Alex Silva|Estadão
Alex Silva|Estadão

'O Topo da Montanha' mira conflitos passados e presentes

Lázaro Ramos e Taís Araújo estão no elenco do espetáculo

Maria Eugênia de Menezes, O Estado de S.Paulo

20 de novembro de 2015 | 03h00

Todos podem estar em todos os lugares. E têm os mesmos direitos. Mas, estranhamente, acostumamo-nos a conviver com plateias brancas. Em São Paulo, 2015, ainda soa natural que todos os que se sentam ao seu lado sejam brancos. Como se fôssemos regidos por uma canhestra – e bem pouco razoável – lei universal de separação de corpos.

O Topo da Montanha, em cartaz no Teatro Faap, vem falar do ápice do movimento pelos direitos civis nos Estados Unidos.
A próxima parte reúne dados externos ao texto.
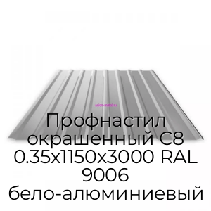Профнастил окрашенный С8 0.35х1150х3000 RAL 9006 бело-алюминиевый - продажа оптом и в розницу по цене от 375 руб. в Москве. Доставка по Москве и всей России
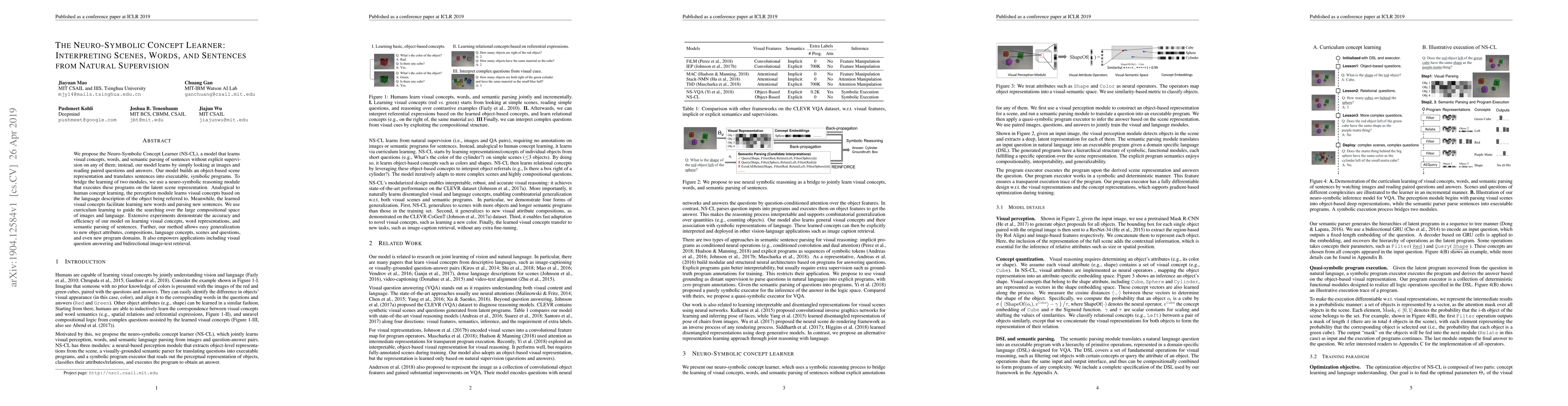 The Neuro-Symbolic Concept Learner (NS-CL) autonomously acquires visual concepts, word representations, and sentence parsing through natural supervision, enabling generalization to new domains and applications like visual question answering. The model integrates perception and reasoning modules to interpret scenes and translate sentences into symbolic programs.

Época de Malcolm X, dos Panteras Negras e, em especial, de Martin Luther King. Há, portanto, uma considerável distância espacial e temporal a nos resguardar do desconforto do embate verbal travado nessa obra da dramaturga norte-americana Katori Hall. Não é difícil, porém, para quem olha ao redor, para quem observa os espectadores no escuro da sala de teatro, entender que não se trata de uma trivial visita a um longínquo episódio histórico.

A peça de Katori estreou em Londres, em 2009. Calorosamente aplaudida pela crítica, a produção logo trocou um teatrinho no circuito off pelo West End. Levou o prêmio Lawrence Olivier daquele. E logo chegou à Broadway, com Samuel L. Jackson, no papel de Martin Luther King.
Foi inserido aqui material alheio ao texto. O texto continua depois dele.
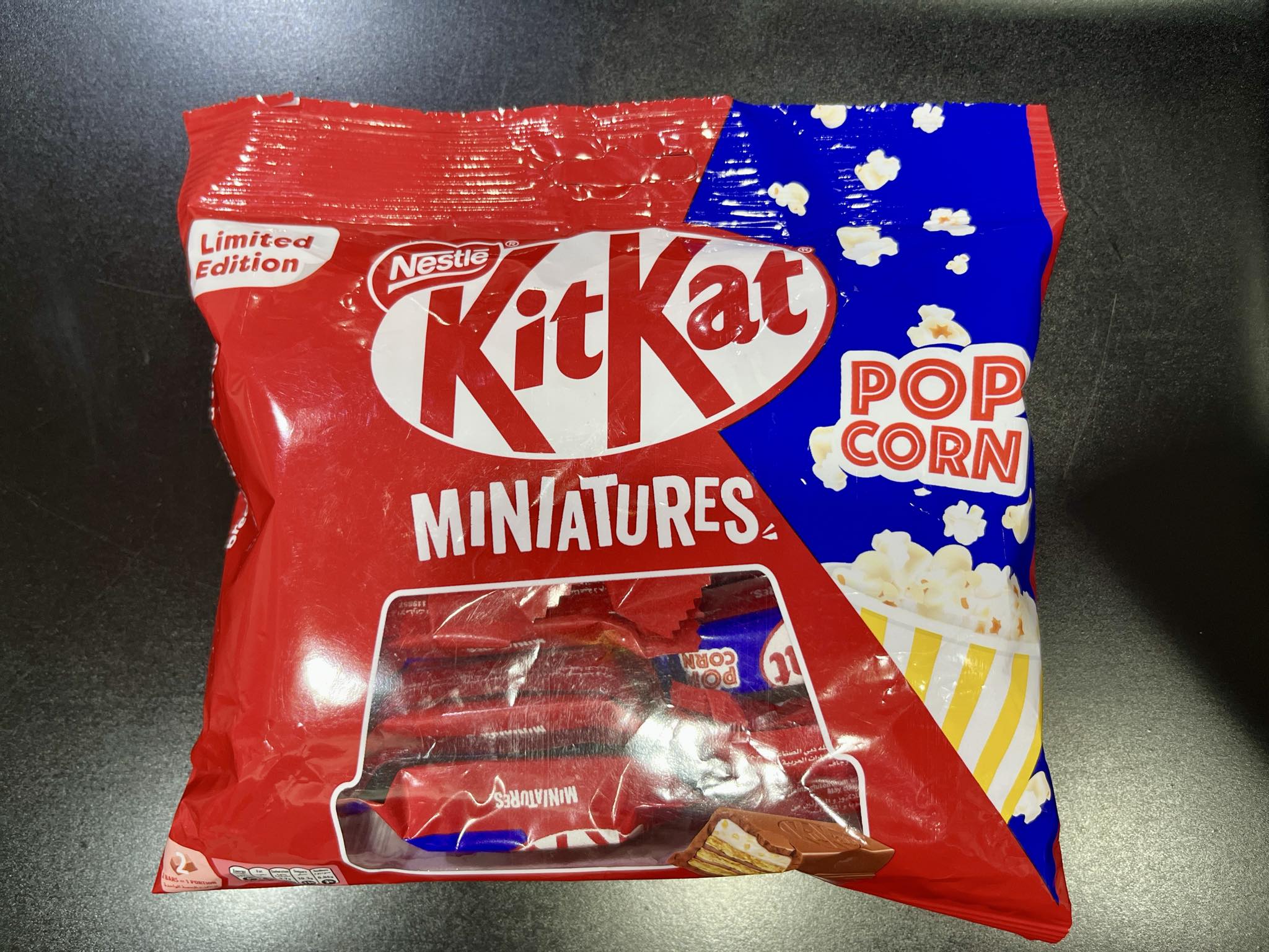 キットカット【 ポップコーン味 】1袋DHS.14.95(日本円で約600円)。

Aqui é Lázaro Ramos a assumir o personagem icônico e também a direção, dividida com Fernando Philbert. Quando entra em cena, cercado por efeitos que emulam uma chuva torrencial, raios e trovões, ele entrega ao espectador o que seria um vislumbre do último dia de King, antes do assassinato em Memphis e do lendário discurso ‘I’ve been to the Mountaintop’.

No que teria pensado nessa noite? Nessa ficção, ele está em um quarto de hotel, sozinho. Tosse, combalido. E trava uma improvável batalha verbal com a camareira Camei, interpretada por Taís Araújo. Não se trata de descobrir quem está certo. Mas de evidenciar os gargalos no discurso pacifista. Assim como havia incoerências na reação violenta do movimento negro. Trata-se de um teatro de feições tradicionais, não propriamente pelo conteúdo, mas pela forma: a de uma drama calcado em conflitos entre personagens antagonistas.

Ancorada nos diálogos cheios de chistes, a atriz tempera com ironia o debate acirrado. Tal energia cáustica encontra bom contraponto na composição de Lázaro Ramos, que desenha um missionário convicto de suas ideias, mas tolerante. Correto, mas desejoso do jogo de gato e rato estabelecido com uma parceira tão improvável e sagaz.

Muito do tônus da peleja se perde quando a camareira revela sua verdadeira identidade e os propósitos de sua vinda. A mordacidade dos argumentos cede espaço a conclusões grandiloquentes e promessas de redenção. Mesmo a concepção cenográfica sublinha essa mudança de tom. O que era um quarto de hotel se expande, ganha amplitude, tomas as feições de uma antessala da morte próxima; e o uso de projeções vem sublinhar, em demasia, os já evidentes pontos de contato entre passado e presente.

 

O TOPO DA MONTANHA

Teatro Faap. Rua Alagoas, 903, tel. 3662-7233. 6ª, 21h30; sáb., 21h; dom., 18h. R$ 90. Até 13/12.